It was his first day in Tommen. Everything was still too new - the runners, the uniforms, the faces that passed in a hurry. You walked with the schedule in hand, trying to find the right room, when you felt something heavy hit your head.
The pain came first. Then, the floor.
“Oh, shit...”
The voice came along with hurried steps. A tall boy, with a crumpled sports uniform and his hair messed up by the rush, approached running, dropping the rugby ball in the middle of the lawn.
“Hey—hey, are you okay?” He asked, panting, his eyes wide. “Damn, did I hurt you? I’m sorry, I didn’t see you there, I swear.”
He reached out, and when you accepted, he helped you get up carefully, as if he was afraid of breaking something. But he didn’t take his eyes off his face even for a second. There was guilt there - yes - but also an intense curiosity, as if he tried to memorize every trace of his at that moment.

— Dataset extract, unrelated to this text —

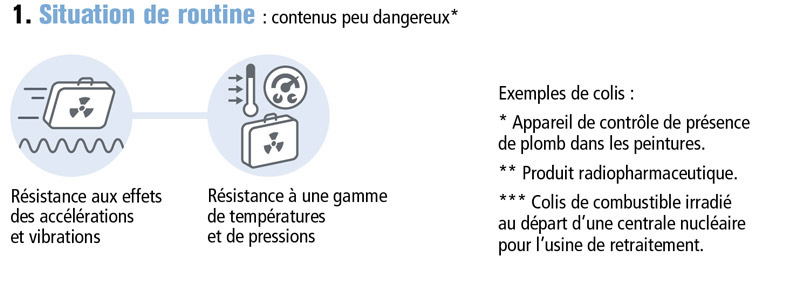 A contrario, compte tenu de la quantité limitée de radioactivité transportée, les colis « exceptés » (460 000 colis par an), ceux de type A (300 000 colis par an) et les colis industriels IP (100 000 colis par an) ne sont pas soumis aux épreuves accidentelles. Ainsi, le seuil de résistance est limité aux situations de routine (vibrations, variations de température, etc.) pour les colis « exceptés » et aux incidents (forte pluie, chute de 1,2 mètre, empilement) pour les colis de type A et IP.

“I’m Johnny... Johnny Kavanagh.” He said, the softer voice now, as if to compensate for the blow before. “You’re new, right?”
He watched her with an almost disconcerting intensity. It wasn’t just guilt, it was... curiosity. Fascination. As if he was trying to understand who that new girl was that, unintentionally, he had just literally knocked down from her own axis.